The challenge of the winter solstice and misunderstanding leadership
This morning on the way to charge the sign said 34 degrees (1C). The sun was so low on the horizon the usually sunny places I normally charge were in shadow most of the day.
The solstice is three weeks away. It will be darker and colder for another three weeks. Then it will be another three weeks to come back to this long a day, though it will be colder.
A friend told me she figured not many people would want to live this way, going outside for hours in the cold, not using appliances like a fridge. I was surprised. Who wants to live like this? The point of changing culture is to make living sustainable normal, as it was for 250,000 years of human existence.

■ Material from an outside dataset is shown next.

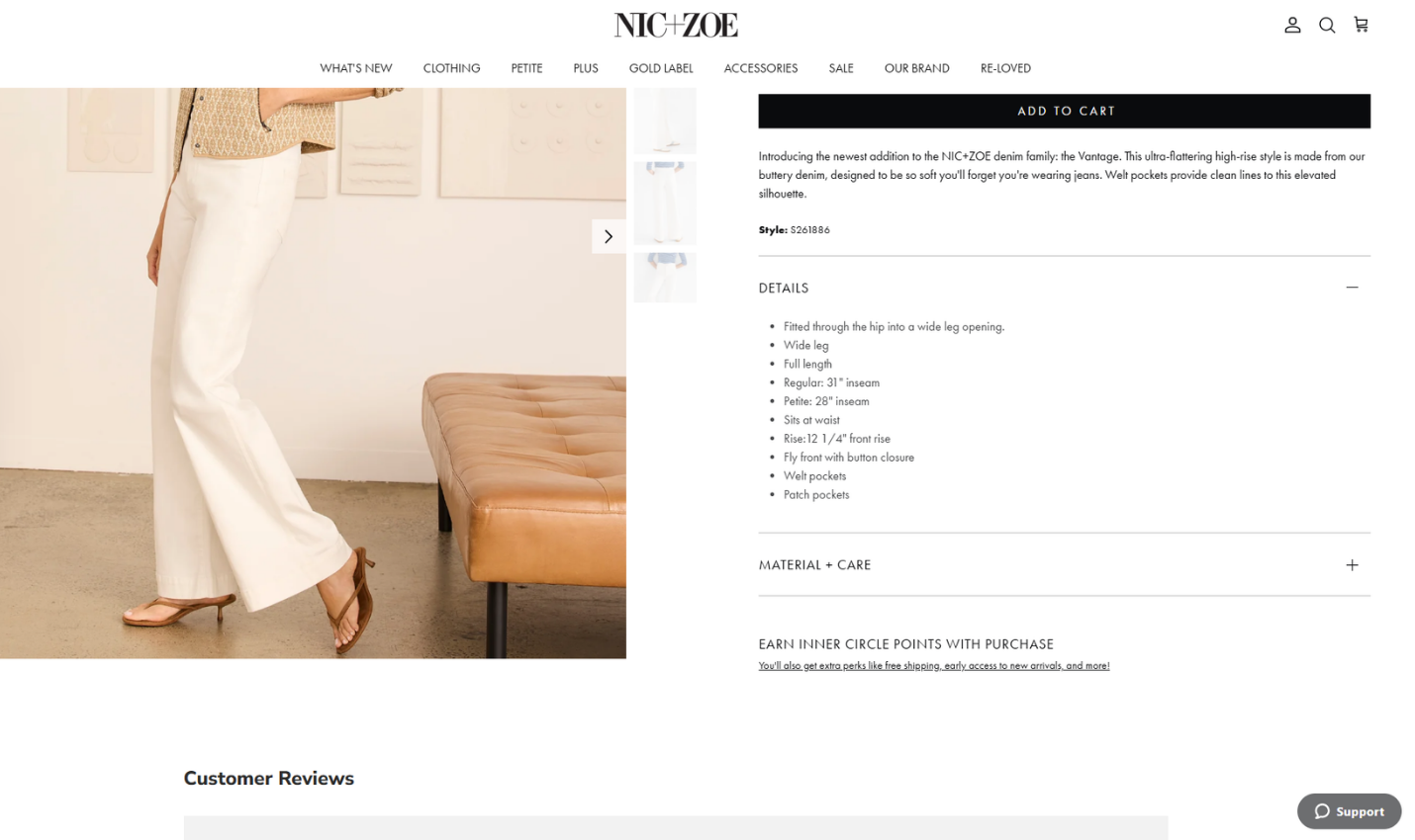 Below you can see the rise for the white jeans I modeled above, which are the 31″ Vantage Wide Leg High Rise Jeans from Nic+Zoe. I imagine this information is hard to see on a cell phone, but you should be able to see it clearly on a computer screen. Mainly, I just wanted you to see where you’ll be able to find this information in a retail listing. As in this case, you may have to “open” the Details or Fit tab to see all the numbers. These jeans have a very pleasing (to me) high rise of 12.25″. But if you prefer a mid to low rise, these would not be the jeans for you.

How can people think my goal is to live like this?
Do they look at the Wright brothers and consider them failures for not producing a 747?
Did they think Martin Luther King boycotted buses because he wanted everyone to walk everywhere?
Do they think the point of a marathon is to cross the starting line?
Do they have no knowledge of how progress happens?
I’m doing what has to be done here and now because there’s no other time or place to be or act. No one could make a 747 without the Wright brothers’ rudimentary plane. It was a proof of concept, as is what I’m doing.
Yes, it isn’t fun to sit in the cold to where I can’t move my extremities, but people lived on this island almost ten thousand years. It’s not that much a struggle, but even if it weren’t at all, my short-term individual actions are not the point.
Changing American and global culture is the point, through a joyful path that creates reward and gratitude.
On the way, I don’t mind sharing the struggle of dark and cold if that’s what success takes.